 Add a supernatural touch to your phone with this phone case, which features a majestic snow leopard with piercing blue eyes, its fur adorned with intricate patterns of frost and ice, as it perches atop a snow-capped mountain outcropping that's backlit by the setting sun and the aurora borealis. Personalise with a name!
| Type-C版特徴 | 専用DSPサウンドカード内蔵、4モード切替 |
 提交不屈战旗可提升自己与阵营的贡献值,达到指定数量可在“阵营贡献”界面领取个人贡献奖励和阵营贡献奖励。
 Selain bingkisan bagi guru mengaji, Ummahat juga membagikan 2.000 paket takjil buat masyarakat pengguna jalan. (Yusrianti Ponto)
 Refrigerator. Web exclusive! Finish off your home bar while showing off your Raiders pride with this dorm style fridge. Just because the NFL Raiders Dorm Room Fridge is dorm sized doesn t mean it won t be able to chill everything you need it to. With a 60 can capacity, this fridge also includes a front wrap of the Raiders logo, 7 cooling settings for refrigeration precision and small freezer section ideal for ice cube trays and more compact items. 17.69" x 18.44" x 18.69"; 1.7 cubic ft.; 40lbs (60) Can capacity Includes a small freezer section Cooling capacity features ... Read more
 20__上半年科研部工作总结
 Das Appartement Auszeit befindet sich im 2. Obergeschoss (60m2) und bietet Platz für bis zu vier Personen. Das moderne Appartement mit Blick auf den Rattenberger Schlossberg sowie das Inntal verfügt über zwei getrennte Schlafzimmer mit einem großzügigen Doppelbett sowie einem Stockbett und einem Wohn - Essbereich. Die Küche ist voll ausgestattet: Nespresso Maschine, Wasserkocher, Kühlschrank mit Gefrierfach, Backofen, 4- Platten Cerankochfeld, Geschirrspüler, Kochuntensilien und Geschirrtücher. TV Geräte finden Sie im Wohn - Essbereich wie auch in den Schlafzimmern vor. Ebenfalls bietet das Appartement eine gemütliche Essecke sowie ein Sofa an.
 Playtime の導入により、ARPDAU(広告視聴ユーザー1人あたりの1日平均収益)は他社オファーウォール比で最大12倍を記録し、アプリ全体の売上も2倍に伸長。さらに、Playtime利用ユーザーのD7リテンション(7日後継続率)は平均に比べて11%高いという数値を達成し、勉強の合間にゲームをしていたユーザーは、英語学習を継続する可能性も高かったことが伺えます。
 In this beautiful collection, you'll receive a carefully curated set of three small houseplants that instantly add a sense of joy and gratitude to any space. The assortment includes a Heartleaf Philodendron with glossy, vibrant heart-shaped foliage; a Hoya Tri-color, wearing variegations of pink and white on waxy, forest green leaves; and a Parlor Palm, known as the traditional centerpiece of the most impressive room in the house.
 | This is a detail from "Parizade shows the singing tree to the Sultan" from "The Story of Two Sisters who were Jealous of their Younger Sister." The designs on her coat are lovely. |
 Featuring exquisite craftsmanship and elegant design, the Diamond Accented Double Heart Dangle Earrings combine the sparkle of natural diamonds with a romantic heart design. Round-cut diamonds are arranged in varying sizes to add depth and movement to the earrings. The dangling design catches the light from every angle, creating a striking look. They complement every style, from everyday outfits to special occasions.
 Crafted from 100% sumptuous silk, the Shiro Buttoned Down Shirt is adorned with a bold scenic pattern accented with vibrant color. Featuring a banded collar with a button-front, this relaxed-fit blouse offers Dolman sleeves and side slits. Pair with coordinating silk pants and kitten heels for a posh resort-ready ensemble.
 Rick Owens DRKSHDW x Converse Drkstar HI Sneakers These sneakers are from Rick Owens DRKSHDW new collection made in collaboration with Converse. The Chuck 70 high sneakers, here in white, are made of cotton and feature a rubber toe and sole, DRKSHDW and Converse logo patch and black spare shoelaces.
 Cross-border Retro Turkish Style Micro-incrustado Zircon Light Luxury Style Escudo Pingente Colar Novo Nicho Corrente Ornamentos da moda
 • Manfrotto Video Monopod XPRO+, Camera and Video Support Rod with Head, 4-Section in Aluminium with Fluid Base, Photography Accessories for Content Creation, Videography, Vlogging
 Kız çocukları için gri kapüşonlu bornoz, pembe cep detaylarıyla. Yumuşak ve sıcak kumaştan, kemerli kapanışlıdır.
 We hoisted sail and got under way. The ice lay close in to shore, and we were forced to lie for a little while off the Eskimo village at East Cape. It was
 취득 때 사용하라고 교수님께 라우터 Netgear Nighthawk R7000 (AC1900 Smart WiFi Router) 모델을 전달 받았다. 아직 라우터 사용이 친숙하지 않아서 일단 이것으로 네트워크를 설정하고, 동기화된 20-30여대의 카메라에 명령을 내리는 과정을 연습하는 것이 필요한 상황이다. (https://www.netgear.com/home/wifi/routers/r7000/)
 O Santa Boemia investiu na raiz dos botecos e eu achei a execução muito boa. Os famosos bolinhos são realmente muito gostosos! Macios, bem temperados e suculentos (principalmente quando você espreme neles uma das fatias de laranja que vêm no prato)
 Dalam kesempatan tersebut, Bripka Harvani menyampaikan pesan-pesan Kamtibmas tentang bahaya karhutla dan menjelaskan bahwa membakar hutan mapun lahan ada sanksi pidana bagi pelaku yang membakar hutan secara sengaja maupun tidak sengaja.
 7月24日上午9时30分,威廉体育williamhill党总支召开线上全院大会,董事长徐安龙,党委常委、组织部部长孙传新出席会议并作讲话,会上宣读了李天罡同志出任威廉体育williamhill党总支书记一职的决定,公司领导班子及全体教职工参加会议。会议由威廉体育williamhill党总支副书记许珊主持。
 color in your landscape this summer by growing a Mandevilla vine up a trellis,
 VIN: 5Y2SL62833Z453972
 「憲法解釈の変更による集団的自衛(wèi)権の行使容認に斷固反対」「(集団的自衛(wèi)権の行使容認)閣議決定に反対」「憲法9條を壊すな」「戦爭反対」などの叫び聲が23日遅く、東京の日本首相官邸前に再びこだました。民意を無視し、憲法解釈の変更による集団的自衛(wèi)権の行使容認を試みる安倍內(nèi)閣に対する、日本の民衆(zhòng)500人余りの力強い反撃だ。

The task: Retype the material word for word, including every line.

Output for this task:
 Add a supernatural touch to your phone with this phone case, which features a majestic snow leopard with piercing blue eyes, its fur adorned with intricate patterns of frost and ice, as it perches atop a snow-capped mountain outcropping that's backlit by the setting sun and the aurora borealis. Personalise with a name!
| Type-C版特徴 | 専用DSPサウンドカード内蔵、4モード切替 |
 提交不屈战旗可提升自己与阵营的贡献值,达到指定数量可在“阵营贡献”界面领取个人贡献奖励和阵营贡献奖励。
 Selain bingkisan bagi guru mengaji, Ummahat juga membagikan 2.000 paket takjil buat masyarakat pengguna jalan. (Yusrianti Ponto)
 Refrigerator. Web exclusive! Finish off your home bar while showing off your Raiders pride with this dorm style fridge. Just because the NFL Raiders Dorm Room Fridge is dorm sized doesn t mean it won t be able to chill everything you need it to. With a 60 can capacity, this fridge also includes a front wrap of the Raiders logo, 7 cooling settings for refrigeration precision and small freezer section ideal for ice cube trays and more compact items. 17.69" x 18.44" x 18.69"; 1.7 cubic ft.; 40lbs (60) Can capacity Includes a small freezer section Cooling capacity features ... Read more
 20__上半年科研部工作总结
 Das Appartement Auszeit befindet sich im 2. Obergeschoss (60m2) und bietet Platz für bis zu vier Personen. Das moderne Appartement mit Blick auf den Rattenberger Schlossberg sowie das Inntal verfügt über zwei getrennte Schlafzimmer mit einem großzügigen Doppelbett sowie einem Stockbett und einem Wohn - Essbereich. Die Küche ist voll ausgestattet: Nespresso Maschine, Wasserkocher, Kühlschrank mit Gefrierfach, Backofen, 4- Platten Cerankochfeld, Geschirrspüler, Kochuntensilien und Geschirrtücher. TV Geräte finden Sie im Wohn - Essbereich wie auch in den Schlafzimmern vor. Ebenfalls bietet das Appartement eine gemütliche Essecke sowie ein Sofa an.
 Playtime の導入により、ARPDAU(広告視聴ユーザー1人あたりの1日平均収益)は他社オファーウォール比で最大12倍を記録し、アプリ全体の売上も2倍に伸長。さらに、Playtime利用ユーザーのD7リテンション(7日後継続率)は平均に比べて11%高いという数値を達成し、勉強の合間にゲームをしていたユーザーは、英語学習を継続する可能性も高かったことが伺えます。
 In this beautiful collection, you'll receive a carefully curated set of three small houseplants that instantly add a sense of joy and gratitude to any space. The assortment includes a Heartleaf Philodendron with glossy, vibrant heart-shaped foliage; a Hoya Tri-color, wearing variegations of pink and white on waxy, forest green leaves; and a Parlor Palm, known as the traditional centerpiece of the most impressive room in the house.
 | This is a detail from "Parizade shows the singing tree to the Sultan" from "The Story of Two Sisters who were Jealous of their Younger Sister." The designs on her coat are lovely. |
 Featuring exquisite craftsmanship and elegant design, the Diamond Accented Double Heart Dangle Earrings combine the sparkle of natural diamonds with a romantic heart design. Round-cut diamonds are arranged in varying sizes to add depth and movement to the earrings. The dangling design catches the light from every angle, creating a striking look. They complement every style, from everyday outfits to special occasions.
 Crafted from 100% sumptuous silk, the Shiro Buttoned Down Shirt is adorned with a bold scenic pattern accented with vibrant color. Featuring a banded collar with a button-front, this relaxed-fit blouse offers Dolman sleeves and side slits. Pair with coordinating silk pants and kitten heels for a posh resort-ready ensemble.
 Rick Owens DRKSHDW x Converse Drkstar HI Sneakers These sneakers are from Rick Owens DRKSHDW new collection made in collaboration with Converse. The Chuck 70 high sneakers, here in white, are made of cotton and feature a rubber toe and sole, DRKSHDW and Converse logo patch and black spare shoelaces.
 Cross-border Retro Turkish Style Micro-incrustado Zircon Light Luxury Style Escudo Pingente Colar Novo Nicho Corrente Ornamentos da moda
 • Manfrotto Video Monopod XPRO+, Camera and Video Support Rod with Head, 4-Section in Aluminium with Fluid Base, Photography Accessories for Content Creation, Videography, Vlogging
 Kız çocukları için gri kapüşonlu bornoz, pembe cep detaylarıyla. Yumuşak ve sıcak kumaştan, kemerli kapanışlıdır.
 We hoisted sail and got under way. The ice lay close in to shore, and we were forced to lie for a little while off the Eskimo village at East Cape. It was
 취득 때 사용하라고 교수님께 라우터 Netgear Nighthawk R7000 (AC1900 Smart WiFi Router) 모델을 전달 받았다. 아직 라우터 사용이 친숙하지 않아서 일단 이것으로 네트워크를 설정하고, 동기화된 20-30여대의 카메라에 명령을 내리는 과정을 연습하는 것이 필요한 상황이다. (https://www.netgear.com/home/wifi/routers/r7000/)
 O Santa Boemia investiu na raiz dos botecos e eu achei a execução muito boa. Os famosos bolinhos são realmente muito gostosos! Macios, bem temperados e suculentos (principalmente quando você espreme neles uma das fatias de laranja que vêm no prato)
 Dalam kesempatan tersebut, Bripka Harvani menyampaikan pesan-pesan Kamtibmas tentang bahaya karhutla dan menjelaskan bahwa membakar hutan mapun lahan ada sanksi pidana bagi pelaku yang membakar hutan secara sengaja maupun tidak sengaja.
 7月24日上午9时30分,威廉体育williamhill党总支召开线上全院大会,董事长徐安龙,党委常委、组织部部长孙传新出席会议并作讲话,会上宣读了李天罡同志出任威廉体育williamhill党总支书记一职的决定,公司领导班子及全体教职工参加会议。会议由威廉体育williamhill党总支副书记许珊主持。
 color in your landscape this summer by growing a Mandevilla vine up a trellis,
 VIN: 5Y2SL62833Z453972
 「憲法解釈の変更による集団的自衛(wèi)権の行使容認に斷固反対」「(集団的自衛(wèi)権の行使容認)閣議決定に反対」「憲法9條を壊すな」「戦爭反対」などの叫び聲が23日遅く、東京の日本首相官邸前に再びこだました。民意を無視し、憲法解釈の変更による集団的自衛(wèi)権の行使容認を試みる安倍內(nèi)閣に対する、日本の民衆(zhòng)500人余りの力強い反撃だ。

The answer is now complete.